* _Problem_:
When the line containing "急救知识宣传由急救操作现场演" is found in the data below, copy it and each line after it through the line containing "4月17日,bat365在线", exactly and with no others.

* _Data provided_:
============

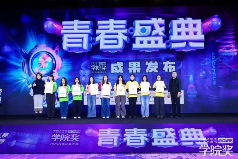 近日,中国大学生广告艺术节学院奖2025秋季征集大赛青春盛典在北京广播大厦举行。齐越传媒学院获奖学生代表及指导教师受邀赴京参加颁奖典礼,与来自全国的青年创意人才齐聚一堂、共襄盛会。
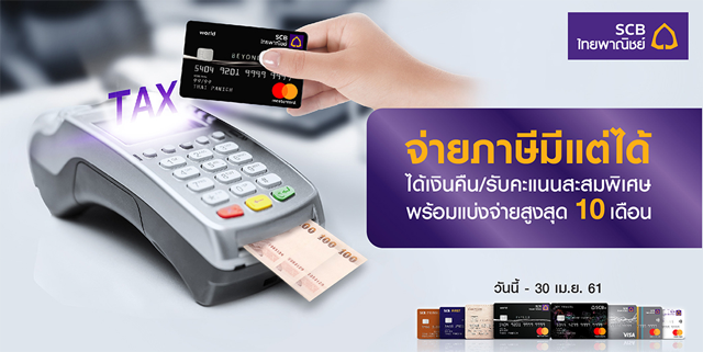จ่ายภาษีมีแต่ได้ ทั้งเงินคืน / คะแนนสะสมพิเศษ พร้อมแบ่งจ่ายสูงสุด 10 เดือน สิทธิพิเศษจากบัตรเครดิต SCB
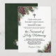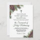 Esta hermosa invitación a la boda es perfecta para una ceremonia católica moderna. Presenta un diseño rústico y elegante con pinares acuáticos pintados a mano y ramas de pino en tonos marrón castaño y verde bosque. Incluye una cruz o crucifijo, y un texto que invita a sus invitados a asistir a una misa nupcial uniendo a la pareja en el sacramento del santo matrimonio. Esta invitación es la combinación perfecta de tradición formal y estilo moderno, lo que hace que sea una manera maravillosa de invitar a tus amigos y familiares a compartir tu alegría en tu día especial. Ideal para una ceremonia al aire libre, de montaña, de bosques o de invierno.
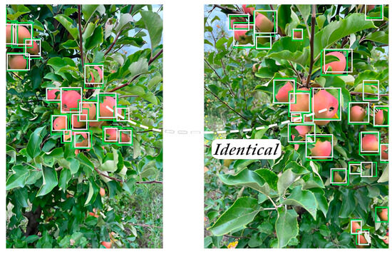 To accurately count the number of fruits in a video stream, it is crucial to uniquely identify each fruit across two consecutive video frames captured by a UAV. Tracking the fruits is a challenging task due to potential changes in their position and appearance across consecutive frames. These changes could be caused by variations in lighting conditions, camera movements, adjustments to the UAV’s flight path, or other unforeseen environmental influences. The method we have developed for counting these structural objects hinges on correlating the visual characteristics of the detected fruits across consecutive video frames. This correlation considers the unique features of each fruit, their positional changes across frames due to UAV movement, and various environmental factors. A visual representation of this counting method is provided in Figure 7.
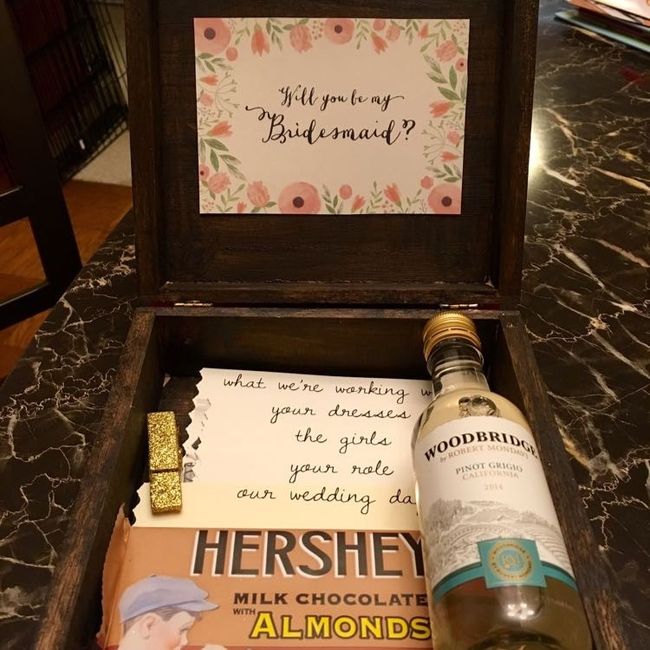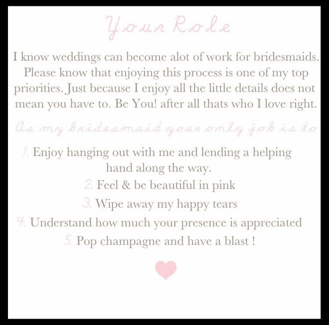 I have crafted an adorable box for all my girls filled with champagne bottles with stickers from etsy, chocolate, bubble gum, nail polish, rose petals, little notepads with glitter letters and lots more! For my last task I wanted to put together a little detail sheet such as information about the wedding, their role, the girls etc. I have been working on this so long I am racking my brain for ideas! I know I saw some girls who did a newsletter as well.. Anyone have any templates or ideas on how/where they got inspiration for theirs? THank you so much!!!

============

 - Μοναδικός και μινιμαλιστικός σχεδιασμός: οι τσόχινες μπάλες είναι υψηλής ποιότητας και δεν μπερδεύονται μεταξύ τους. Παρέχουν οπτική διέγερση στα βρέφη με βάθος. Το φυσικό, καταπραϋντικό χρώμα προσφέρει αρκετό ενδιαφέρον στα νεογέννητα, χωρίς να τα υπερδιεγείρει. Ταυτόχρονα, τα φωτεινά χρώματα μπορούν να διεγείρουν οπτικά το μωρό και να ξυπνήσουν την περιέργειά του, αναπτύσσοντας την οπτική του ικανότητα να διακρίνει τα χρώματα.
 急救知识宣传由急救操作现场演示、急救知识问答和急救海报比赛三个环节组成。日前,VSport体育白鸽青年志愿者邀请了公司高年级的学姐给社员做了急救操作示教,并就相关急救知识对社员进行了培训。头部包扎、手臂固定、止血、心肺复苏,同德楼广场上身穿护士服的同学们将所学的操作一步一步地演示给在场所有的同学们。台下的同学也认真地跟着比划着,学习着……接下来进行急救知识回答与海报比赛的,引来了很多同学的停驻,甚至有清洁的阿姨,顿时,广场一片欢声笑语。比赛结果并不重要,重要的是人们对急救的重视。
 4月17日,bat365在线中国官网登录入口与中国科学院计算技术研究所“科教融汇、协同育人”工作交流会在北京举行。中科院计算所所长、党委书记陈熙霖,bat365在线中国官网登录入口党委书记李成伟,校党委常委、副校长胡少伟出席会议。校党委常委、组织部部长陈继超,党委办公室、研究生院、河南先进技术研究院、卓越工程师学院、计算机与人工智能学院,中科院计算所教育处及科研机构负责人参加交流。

============

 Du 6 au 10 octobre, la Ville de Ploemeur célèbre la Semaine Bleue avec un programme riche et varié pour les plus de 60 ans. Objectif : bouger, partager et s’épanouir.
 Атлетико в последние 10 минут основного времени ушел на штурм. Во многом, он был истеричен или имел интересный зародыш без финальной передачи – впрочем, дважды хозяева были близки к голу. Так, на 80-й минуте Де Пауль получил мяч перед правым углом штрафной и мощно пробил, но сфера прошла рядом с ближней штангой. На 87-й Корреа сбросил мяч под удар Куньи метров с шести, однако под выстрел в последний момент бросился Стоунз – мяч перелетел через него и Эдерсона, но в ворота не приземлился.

============

* _Exercise solution_:
 急救知识宣传由急救操作现场演示、急救知识问答和急救海报比赛三个环节组成。日前,VSport体育白鸽青年志愿者邀请了公司高年级的学姐给社员做了急救操作示教,并就相关急救知识对社员进行了培训。头部包扎、手臂固定、止血、心肺复苏,同德楼广场上身穿护士服的同学们将所学的操作一步一步地演示给在场所有的同学们。台下的同学也认真地跟着比划着,学习着……接下来进行急救知识回答与海报比赛的,引来了很多同学的停驻,甚至有清洁的阿姨,顿时,广场一片欢声笑语。比赛结果并不重要,重要的是人们对急救的重视。
 4月17日,bat365在线中国官网登录入口与中国科学院计算技术研究所“科教融汇、协同育人”工作交流会在北京举行。中科院计算所所长、党委书记陈熙霖,bat365在线中国官网登录入口党委书记李成伟,校党委常委、副校长胡少伟出席会议。校党委常委、组织部部长陈继超,党委办公室、研究生院、河南先进技术研究院、卓越工程师学院、计算机与人工智能学院,中科院计算所教育处及科研机构负责人参加交流。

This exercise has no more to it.